Zoom-out-zoom-in inference: A coarse-to-fine mechanism first localizes the target at low resolution, then refines the mask at high resolution, enabling precise volumetric inference without exhaustively processing every patch at full resolution.
Large-scale pretraining: The image encoder is self-supervised on roughly 90K unlabeled CT volumes, then jointly trained with 6K labeled volumes, giving strong transferable 3D representations.
Open release: Code, pretrained weights, and the M3D-Seg training collection are publicly available under an MIT license, with a hosted demo and ModelScope mirror.

Technical Details

SegVol couples a 3D Vision Transformer (ViT) image encoder with a SAM-style promptable segmentation decoder, plus a text encoder that maps anatomical names into the prompt space for semantic segmentation. The ViT encoder is pretrained for 2,000 epochs on about 90,000 unlabeled CT volumes via self-supervision, then supervised on roughly 6,000 labeled volumes drawn from 25 public datasets aggregated into the M3D-Seg collection (5,772 3D images and 149,196 mask annotations spanning datasets such as BTCV, AMOS22, TotalSegmentator, KiTS, CHAOS, and the Medical Segmentation Decathlon). On a benchmark of 22 anatomical segmentation tasks, SegVol outperforms competing methods on 19 of them, with improvements of up to 37.24% in Dice score over the runner-up. The zoom-out-zoom-in strategy is what makes whole-volume inference tractable while preserving fine boundary detail.

Applications

SegVol targets radiology and medical-imaging research where annotating 3D CT volumes is expensive and slow. Researchers can use it to generate masks for organs, tissues, and lesions across many anatomical targets from a single checkpoint, accelerating dataset annotation, organ measurement, and downstream pipelines such as treatment planning or quantitative imaging studies.

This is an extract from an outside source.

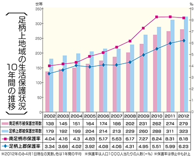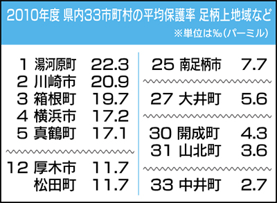 人口1000人当たりの受給者数を示す保護率は県全体で16・64人、南足柄市では10年前(2002年=4・04人)の2・02倍にあたる8・18人、足柄上郡でも10年前(同3・34人)の1・86倍の6・23人となっている。なお上郡の内訳は松田町12・92人、大井町5・24人、開成町5・03人、山北町4・82人、中井町2・43人。足柄上保健福祉事務所では「(受給者は車などを所有できないため)交通の便が良く、病院や商店が集まっている町や、高度経済成長期の都市化等に伴って地縁・血縁のない流入人口が多くなった町ほど受給者が多くなっているのでは」と分析する。

The text-prompt interface is particularly useful for semantic segmentation when no manual click is available, and the spatial prompts support interactive correction for clinicians and annotators.

Impact

SegVol helped establish promptable 3D foundation models as a practical direction for medical image segmentation, extending the SAM paradigm from 2D natural images to volumetric clinical scans while adding text-driven semantic control. Its NeurIPS 2024 spotlight, broad anatomical coverage, and fully open release of weights, code, and the M3D-Seg dataset have made it a widely referenced baseline and starting point for subsequent universal medical segmentation work. The main limitations are its focus on CT (rather than MRI or other modalities) and the usual caveat that prompt-driven outputs benefit from expert review before clinical use.

Citation

SegVol: Universal and Interactive Volumetric Medical Image Segmentation

Preprint

Du, Y., et al. (2023) SegVol: Universal and Interactive Volumetric Medical Image Segmentation. Neural Information Processing Systems.

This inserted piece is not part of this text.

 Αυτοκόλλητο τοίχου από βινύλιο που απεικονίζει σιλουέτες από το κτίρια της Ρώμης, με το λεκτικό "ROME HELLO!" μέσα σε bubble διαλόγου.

DOI: 10.48550/arXiv.2311.13385

Recent citations

Papers that recently cited this model.

UniMedSeg: Unified In-Context Learning for Multi-Paradigm 2D/3D Medical Image Segmentation
Yunzhou Li, Jiesi Hu, Yanwu Yang, et al.
Jul 2026
0
Decouple and Reason: Anatomically Guided Two-Stage Voxel-Level Grounding of Free-Text Findings in 3D Chest CT
Kwang-Hyun Uhm, Inhwa Son, Sung-Jea Ko
Jul 2026
0
Language-Guided Segmentation of Medical Images: A Review of Foundation Models
Saqib Qamar
Bioengineering · Jul 2026
0

Top citations

The most-cited papers that cite this model.

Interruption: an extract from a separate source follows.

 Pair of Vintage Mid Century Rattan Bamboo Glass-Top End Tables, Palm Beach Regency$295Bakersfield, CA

Segment Anything Model for Medical Image Segmentation: Current Applications and Future Directions
Yichi Zhang, Zhenrong Shen, Rushi Jiao
Comput. Biol. Medicine · Jan 2024
331
SAM-Med3D: Towards General-Purpose Segmentation Models for Volumetric Medical Images
Haoyu Wang, Sizheng Guo, Jin Ye, et al.
ECCV Workshops · Oct 2023
173
A Comprehensive Survey of Foundation Models in Medicine
Wasif Khan, Seowung Leem, Kyle B. See, et al.
IEEE Reviews in Biomedical Engineering · Jun 2024
115
MedSAM2: Segment Anything in 3D Medical Images and Videos
Jun Ma, Zongxin Yang, Sumin Kim, et al.
arXiv.org · Apr 2025
96
Has Multimodal Learning Delivered Universal Intelligence in Healthcare? A Comprehensive Survey
Qika Lin, Yifan Zhu, Xin Mei, et al.
Information Fusion · Aug 2024
85

Citations

Total Citations122

Influential18

References78

GitHub

Stars386

Forks39

Open Issues14

Contributors3

Last Push6mo ago

LanguagePython

LicenseMIT

HuggingFace

Downloads772

Likes13

Last Modified2y ago

Pipelinefeature-extraction

Fields of citing research

Computer Science97%
Medicine96%
Engineering30%
Biology3%

Share of papers citing this model.

Openness

bio.rodeo opennessFully open · usable and reproducible

100Open

Usability — can I run it?100

Reproducibility — can I retrain it?100

Model Openness Framework

Class I

Open Science

Resources

GitHub Repository Research Paper HuggingFace Model Dataset

Key Features

Universal coverage: A single model segments 200+ anatomical categories spanning organs, tissues, and lesions across whole-body CT, rather than one structure per model.

Spatial and semantic prompting: Accepts point, bounding-box, and free-text prompts, letting users either click/draw a region or simply name the anatomy to segment.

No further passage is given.